The Death of a Language
Contents
Kyle interviews Zane and Leena about the Endangered Languages Project. My learnings are
- Project is taking in 3.5 hours of audio content from an endangered language called “Ladin”
- It creates phonetic transcriptions from audio samples of human languages
- Model has so far produced decent levels of vowel identifications
- Currently working on phoneme segmentation and larger consonant categories
- From the project blurb
In this project, we are trying to speed up the process of language documentation by building a model that produces phonetic transcriptions from audio samples of human languages. The ultimate goal of our project is to develop a model that could be applied to any human language with minimal changes. We will be using around 3-4 hours of partially labeled audio data in an endangered language called Ladin, which we are using as our main training/test data. As of now we have produced some decent results in vowel identifications and are currently working on phoneme segmentation and identification of larger consonant categories.
- Other projects links are at http://caisplusplus.usc.edu/projects are
- ML Fairness project
- NLP based on AirBNB: This project will utilize NLP to analyze the correlation between Airbnb reviews and gentrification in neighborhoods. In particular, we will attempt to predict crime rates, race/income diversity, house prices, and other similar statistics from Airbnb reviews in a particular geographical region. This is advantageous because it provides a detailed local picture and real time statistics about a neighborhood compared to years old government data. This project builds on a recent Harvard study that used Yelp data to predict economic opportunity in neighborhoods, and can expand to include other consumer based data as well.
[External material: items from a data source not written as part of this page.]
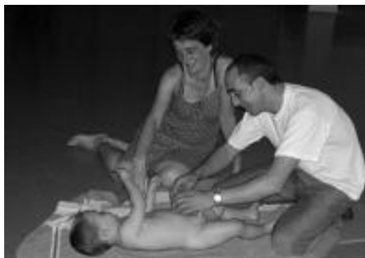
Haurdun daudenentzat masaje ikastaroa egingo dute. UROLA KOSTAKO HITZA

Ikastaroan parte hartu nahi duenak Haur Eskolan eman beharko du izena.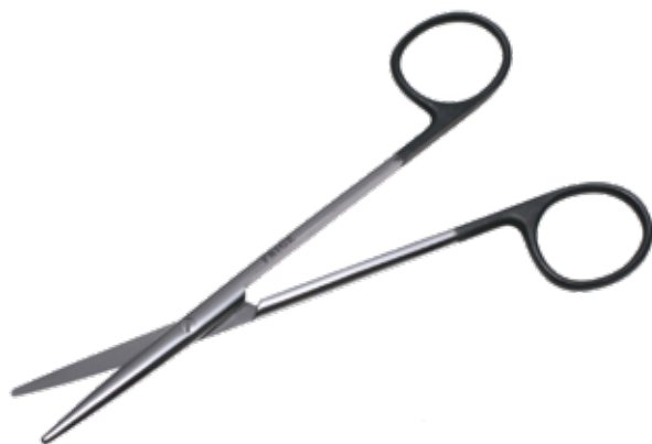
スーパー・メツェンバウム剪刀 Dissecting Scissors Metzenbaum Super 商品コード 規格サイズ B250-366V 14.5cm 直 B251-366V 16cm 直 B260-373V 18cm 直 B260-379V 20cm 直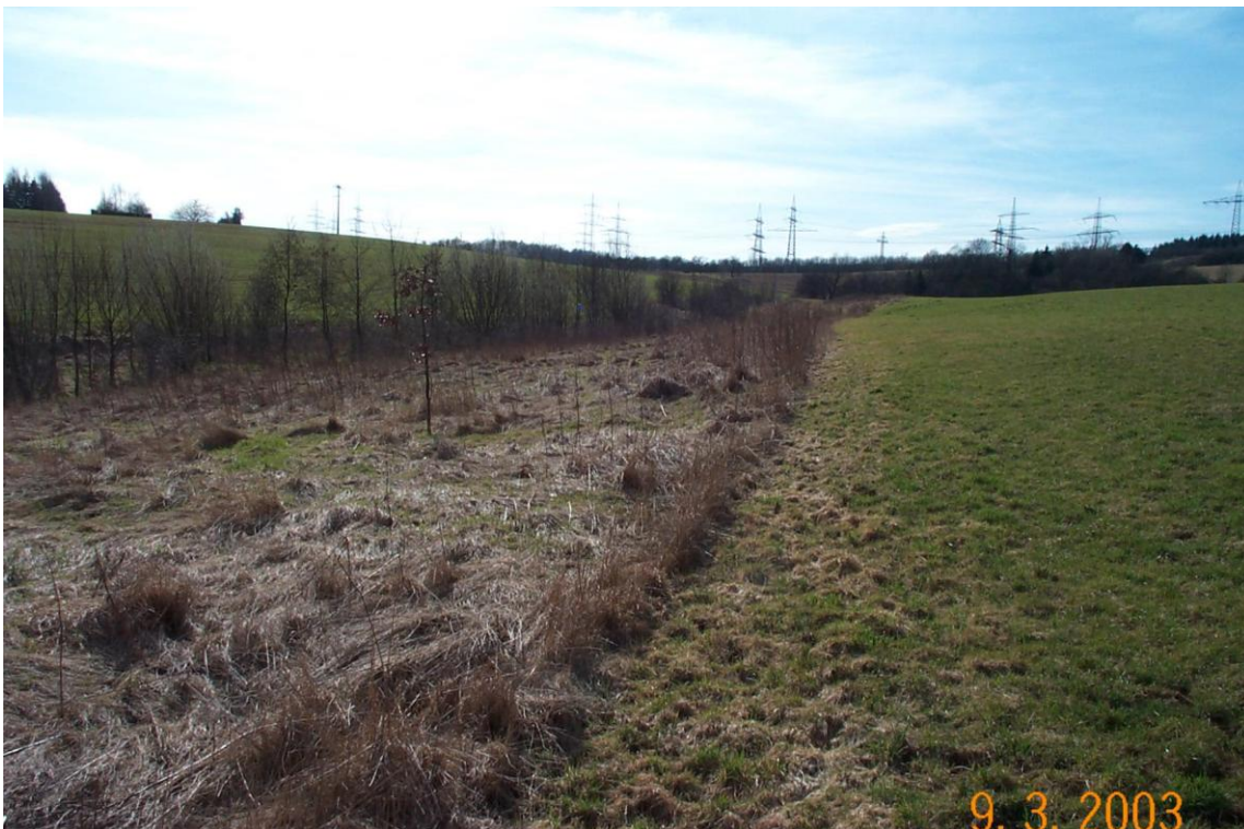
Harzbach: Entwicklung auf dem umgewandelten Acker bis zum Jahr 2003

- Code to English:An integral step to learning how to code is being able to decipher the meaning of a code block. In this project we aim to use pairs of python questions from StackOverflow and code from their accepted answers to try and build a model that will generate an English description given a block of code. This project will begin by building the data set by writing a crawler to grab the code/description pairs from StackOverflow. We will then utilize NLP and GANs/VAEs to decompose code into a latent space, transfer between the code and description latent spaces, and then recompose the description from the latent space. The intended outcome of this project is to roll out a tool to allow beginners to understand what their code is doing, potentially as a website. As with any non-vetted data set, this project is an experiment and may fail. However, it will teach valuable skills across the ML project life cycle, from data gathering to writing testing suites to building the actual models.